Much more often they drank cheaper beer. Some varieties were made without hops, the drink turned out to be very thick, for the peasants it was a familiar snack during field work. Such malt beer was consumed even by children. Milk was considered not a drink, but food: it replaced meat for those who could not afford it. Mostly old people and children drank fresh, the rest made buttermilk or whey from it. Cheese was already popular then: it was served as an independent dish and used in soups and pies.

Will there be dessert?

The main medieval sweets — dried fruits and honey. When pure sugar appeared in Europe, it was first attributed to spices (fortunately, it cost accordingly) and everything was cooked with it, except for desserts, adding to meat and seafood. Gradually they began to cover fruits, added to sauces. Waffles, tarts (open pies) and other sweet pastries appeared in the late Middle Ages.

They brought a knife with them: it was considered indecent to ask the owner for it.

Where they cooked

The kitchen was a spacious room with a large table, a hearth and a pot suspended from a wooden beam. A stove with a chimney was considered a luxury. The poor, whose houses had only one room, used the kitchen as a bedroom and living room.

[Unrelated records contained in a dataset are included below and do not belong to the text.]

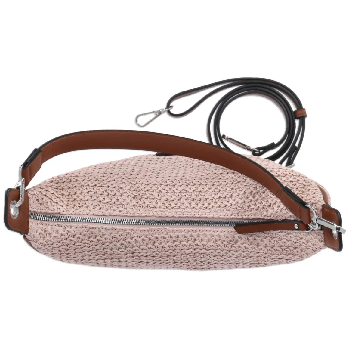 Diese Hobo Bag in zartem Rosa setzt mit ihrer geflochtenen Oberfläche und den kontrastierenden braunen Kunstlederelementen einen femininen Akzent. Die geschmeidige Silhouette bietet mit ca. 8 Litern Volumen ausreichend Platz, während das Reißverschluss-Hauptfach alles sicher verwahrt. Innen strukturieren ein Steckfach und ein zusätzliches Reißverschlussfach die Essentials. Der kurze Riemen (ca. 40 cm) erlaubt lässiges Tragen in der Hand oder über dem Arm, der verstellbare, abnehmbare Schultergurt (ca. 140 cm) sorgt für flexible Crossbody-Optionen. Mit Maßen von ca. 20 x 35 x 12 cm bleibt das Format handlich und dennoch alltagstauglich. Vegan verarbeitete Kunstlederelemente runden das moderne Materialspiel ab. Modetipp: Zu hellen Denim-Looks und sanften Pastelltönen kombinieren, dazu filigrane Mules oder minimalistische Sneakers für ein stimmiges Finish.
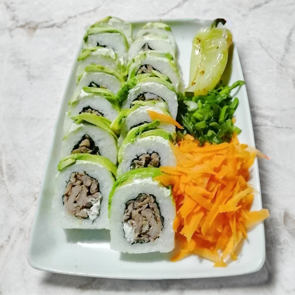 Por dentro philadelphia, aguacate y res forrado de aguacate.
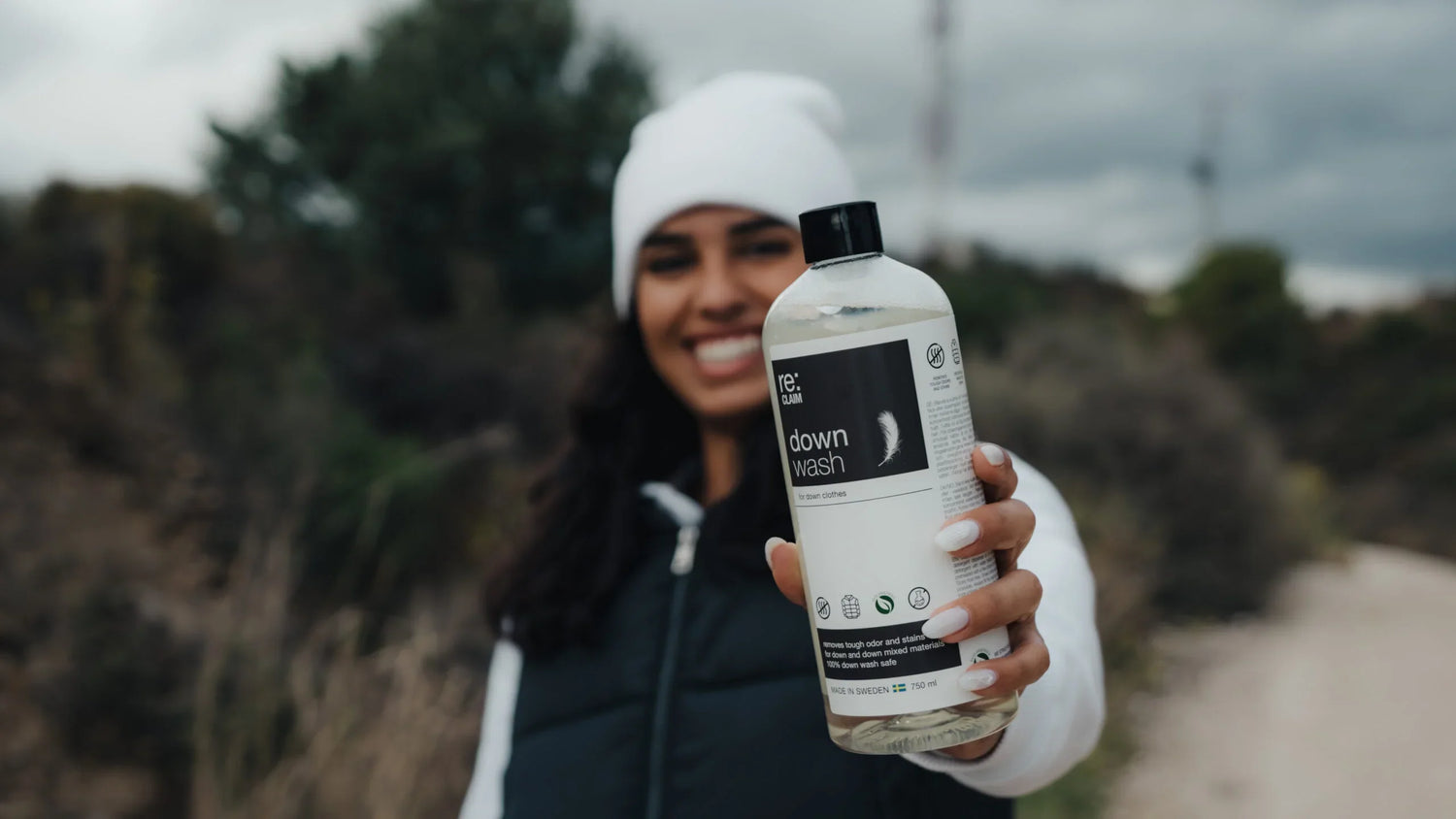re:CLAIM Down Wash is a sensitive washing detergent manufactured in Sweden. The unique formula is developed for washing down and down mixed clothes in 30C and hand wash.
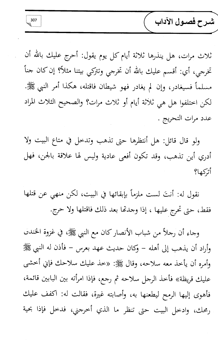 ثلاث مرات، هل ينذرها ثلاثة أيام كل يوم يقول: أحرج عليك بالله أن تخرجي، أي: أقسم عليك بالله أن تخرجي وتتركي بيتنا مثلاً؟ إن كان جناً مسلماً فسيغادر، وإن لم يغادر فهو شيطان فاقتله، هكذا أمر النبي - صلى الله عليه وسلم -. لكن اختلفوا هل هي ثلاثة أيام أو ثلاث مرات؟ والصحيح الثلاث المراد عدد مرات التحريج.

Open fire often led to a fire, and if the flame spread to other rooms, the house could burn to the ground. Therefore, in the 12th century, some rich people began to build a kitchen separately from the residential block, but this practice spread only in modern times.

How they were stored

In the absence of refrigerators, products were actively preserved: dried in the sun, dried, smoked, salted, treated with sugar, vinegar and honey. If something needed to be preserved for a short time, melted lard was used to protect against bacteria.

Do you respect me?

Eating in the Middle Ages was a collective process: loners, chewing something apart from others, were not encouraged at all. The dish was taken out on a common plate, from which all the guests served. Spoons were used to eat soup, but they were not required. But the Europeans did not appreciate the forks: until the 18th century, they were mainly eaten by Italians. Each guest brought a knife with him: it was considered indecent to ask the host for it.

Tablecloths appeared in the 12th century. But not for beauty, but for business – they wiped their mouths and hands. Around the same time, women received the right to sit at the common table. At first, the innovation concerned only the mistress of the house, but then the guests began to bring their wives and daughters with them. The overlord always sat at the head of the table, next to him were the family and those close to him. Small knights with families and servants occupied places far from the owner. 10 facts about how people lived in the Middle Ages. And what, so it was possible?